Lynne Abraham’s Startling Admission Should Disqualify Her

She says she didn't charge bad cops because there wasn't a constituency back then.

Lynne Abraham | Photo by Matt Rourke

Lynne Abraham | Photo by Matt Rourke

So, Lynne Abraham essentially disqualified herself in the mayor’s race last week.

She did so in such matter-of-fact, low-key fashion that I’m not sure that Philadelphians really noticed what she did. I’m not sure she noticed what she did. But the attitude she revealed was horrifying, dangerous, and a threat to the “new” Philadelphia so many people have worked to build in recent years. It needs a bit more sunlight.

Let’s rewind to the beginning. My Philly Mag colleague Holly Otterbein wrote about one of the last big decisions Abraham made during her two decades as the city’s district attorney — the decision not to prosecute Sgt. Chauncey Ellison or his then-girlfriend, Officer Robin Fortune, off-duty cops involved in the shooting of 20-year-old man, Lawrence Allen, over … pizza.

What happened:

In 2008, according to newspaper reports, Allen was friends with a teenager who stole a pizza from Sgt.

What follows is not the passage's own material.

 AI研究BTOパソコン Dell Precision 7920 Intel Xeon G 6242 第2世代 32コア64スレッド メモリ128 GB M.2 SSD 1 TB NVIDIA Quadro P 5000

Ellison’s son. The police sergeant and Officer Fortune tracked the thief down to Allen’s block, where witnesses say Allen tried to diffuse the situation and even offered to pay for the pie.

What happened next is hotly disputed. Ellison says Allen pulled a gun on him, and Ellison then shot Allen in self defense. Some witnesses say Allen indeed appeared to draw a gun; others say he was unarmed.

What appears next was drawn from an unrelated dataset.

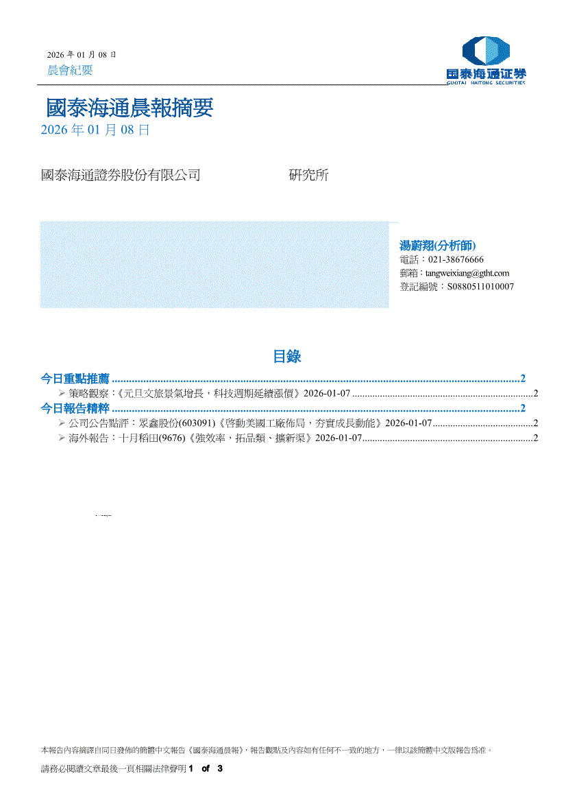 国泰海通证券-晨报摘要-260108

No gun was ever found near Allen’s body or in his house.

Abraham didn’t press charges. Seth Williams, after he replaced Abraham, revived the case and ended up winning convictions for the two officers on charges of reckless endangerment.

What does Abraham have to say about all of this today? Pay close attention:

As it turns out, she says she would handle the case differently today. She would charge Ellison and Fortune with reckless endangerment “given the circumstances that we know now, and the evidence that we have now about the temper of the community, if you will.”

Emphasis added. Read it again. Abraham is saying, essentially, that she didn’t prosecute bad cops back in 2008 because there wasn’t a constituency for it back then.

Breathtaking.

OK, Lynne Abraham’s a politician. Politicians pander. It’s not always a bad thing — in a democracy, you don’t want a leader who is completely disconnected from the will and desires of the people he or she serves. Sometimes, though, you need a leader who will make a call based on what’s right and what’s wrong.

Abraham, however, is saying that important questions — of life or death, right or wrong, lawful or unlawful — have been decided by the community’s “temper,” as though Lawrence Allen’s death was OK back when police were popular, but is less so now that folks have been riled up by Ferguson, the death of Eric Garner in Staten Island, the Philadelphia shooting of Brandon Tate-Brown, the death of Baltimore’s Freddie Gray, and the Department of Justice report examining Philly PD’s use of force.

If you care about the current wave of police reform, why would you ever vote for Abraham, knowing she’s already deemed one man’s life an insufficient crowd-pleaser? And if you’re on the other side of the issue, can you ever trust Abraham after she’s admitted a willingness to flip-flop on such an important matter based on the voter mood?

Lynne Abraham just admitted she governs with her finger in the wind — and does so when lives are being weighed. She does not deserve to be rewarded with the mayor’s office.